— Instructions for the task —
The copy you give must match the lines from the top of the data through the line containing "Three boxes of" exactly, and it must hold no pictures.

+++ Input +++

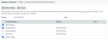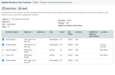 Nachdem Sie Änderungen an der Firmenadresse oder der Telefonnummer vorgenommen haben und auf Speichern klicken, wird die Seite „Firmenkontakte aktualisieren“ geöffnet, auf der alle zugeordneten Kontakte aufgeführt sind.
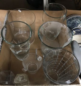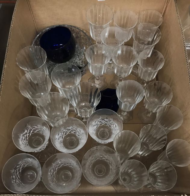 Three boxes of assorted glassware to include various vases, wine glasses etc.
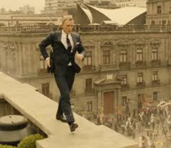 また、このスーツとメキシコシティの青い空、そして、お祭りの“暑い”雰囲気が非常にマッチして、コーディネイトとしても素晴らしいものがあります。建物の爆発によって発生した砂埃の中でも、はっきりと映えるスーツと、なによりイギリスらしい“着崩さない、鎧のような”着こなしは、「ボンドが普通ではない」ということをはっきりと表現しています。スカイフォールのタイトルシークエンスでは、列車に飛び乗ったボンドが、崩れ落ちる車体や騒然とする乗客のことは気にも止めず、冷静にカフスを直すしぐさがありました。これも上で言ったような「ボンドが普通ではない」ということの表現の一つでしょう。それではスーツを細かく見ていきます。ちなみに、衣装解説No.1~3で言い忘れましたが、今回衣装を提供しているブランドはTOM FORDですが、衣装デザイナーは別にいて、それはJany Temime/ジャニー・ティマイムという女性です。今から解説するスーツの生地やスタイルもジャニー・ティマイムがデザインないしチョイスしています。着用しているスーツは、典型的な英国紳士を表現するためにクラシックに映る衣装を意識したそうです。少しだけ彼女の紹介をしますと、彼女は映画の衣装デザイン界ではかなりの大物。有名なところではハリーポッターシリーズの衣装をすべて担当しています。また、前作スカイフォールの衣装も彼女が担当しました。スカイフォールから一気にシャープになったダニエル・クレイグのスーツは、彼女のセンスによって作りだされたものだったわけです。同じダニエル・クレイグでもクォンタムの時はコンケープドショルダーという肩を意図的に盛り上げた堅めのスーツ(TOM FORD “REGENCY”)でしたよね。その時と今のスカイフォール、スペクターのスタイルとでは、彼のキャラクターの印象自体が違います。彼女が、ダニエル・クレイグならびにスカイフォールのヒットの非常に重要な部分を担っているというのは言うまでもありません。話を戻して、スーツの紹介です。まずはジャケットから。ジャケットは、ダニエル・クレイグの筋肉に合わせて綺麗なラインが出るように薄めの肩パッドのロープドスリーブ。バストからウエストは急激に絞られ、かなりタイトです。フロントのボタンは3つボタンの段返りで真ん中留め、そして大きく開いたカッタウェイです。Vラインはスカイフォール時よりも少し深めになっており、後ろはシングルベント。ポケットは“barchetta”と呼ばれる胸ポケットと左右のポケットの3つ。左右はスラントになっています。袖口は、4つボタンの本切羽で、3つ留め。スカイフォールで着用していたものの袖口は3つボタン本切羽で2つ留めでしたね。ボタンホールは、最も袖口に近い一つだけ、大きく長いデザインのホールになっています。
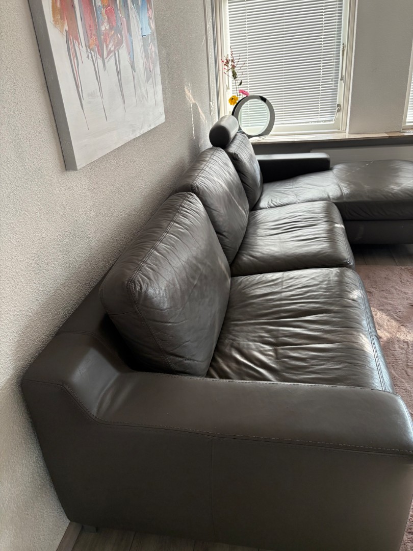 Mooie en comfortabele lederen hoekbank van Lederland. In uitstekende staat. Kan nog jaren mee.De bank biedt veel zitruimte en past perfect in een modern interieur. De kleur is grijs/antraciet en het leer is van hoge kwaliteit. Perfect voor een gezin Het is een ijzersterk leer soort.
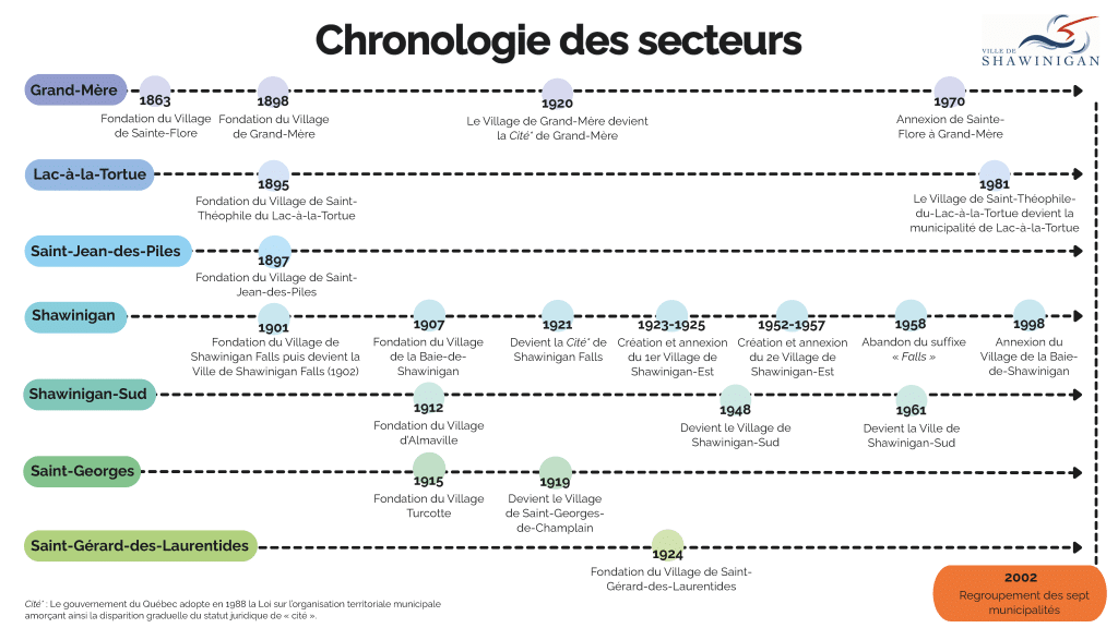 Le 1er janvier 2002, sept municipalités du territoire se regroupent : Lac-à-la-Tortue, Grand-Mère, Saint-Jean-des-Piles, Shawinigan, Shawinigan-Sud, Saint-Georges-de-Champlain et Saint-Gérard-des-Laurentides. Ensemble, elles forment la Ville de Shawinigan.
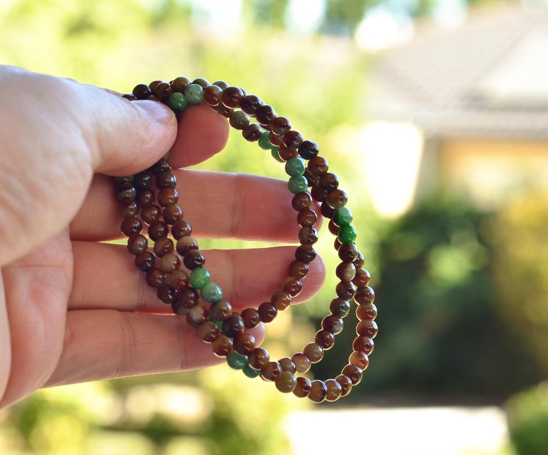This delicate bracelet is made from natural jadeite beads in beautiful, earthy, multicolored tones, including warm brown, soft green, and subtle translucent shades. The natural variation in color gives the bracelet a unique and organic appearance.
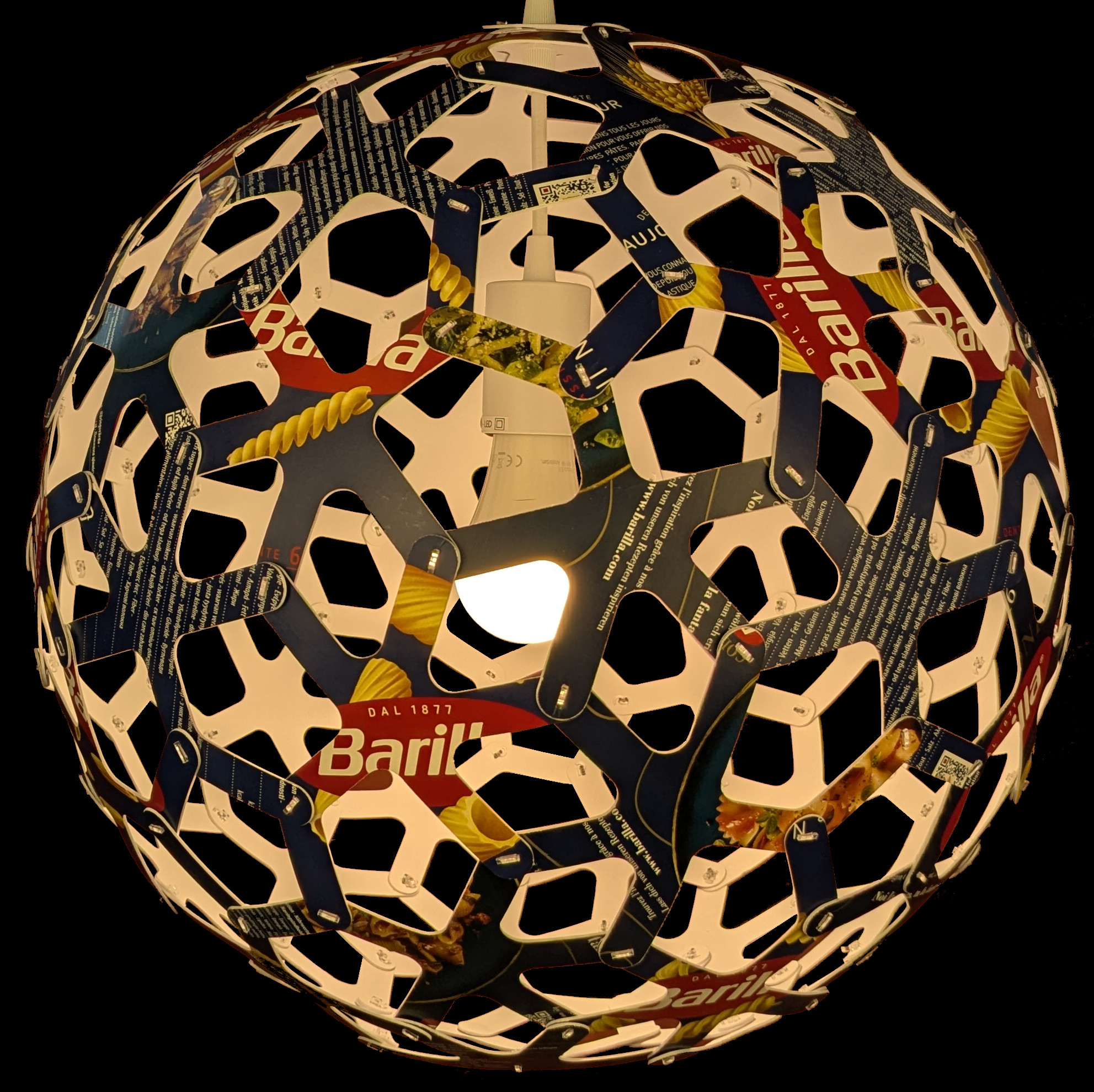 Le luminaire Al Dente est une pièce unique en boîtes de pâtes réemployées.
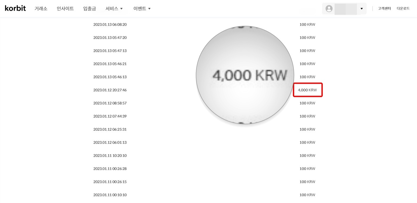 2) Web: 코빗 웹 > 상단의 서비스 메뉴 > 데일리 보너스

+++

— Task answer —
 Nachdem Sie Änderungen an der Firmenadresse oder der Telefonnummer vorgenommen haben und auf Speichern klicken, wird die Seite „Firmenkontakte aktualisieren“ geöffnet, auf der alle zugeordneten Kontakte aufgeführt sind.
 Three boxes of assorted glassware to include various vases, wine glasses etc.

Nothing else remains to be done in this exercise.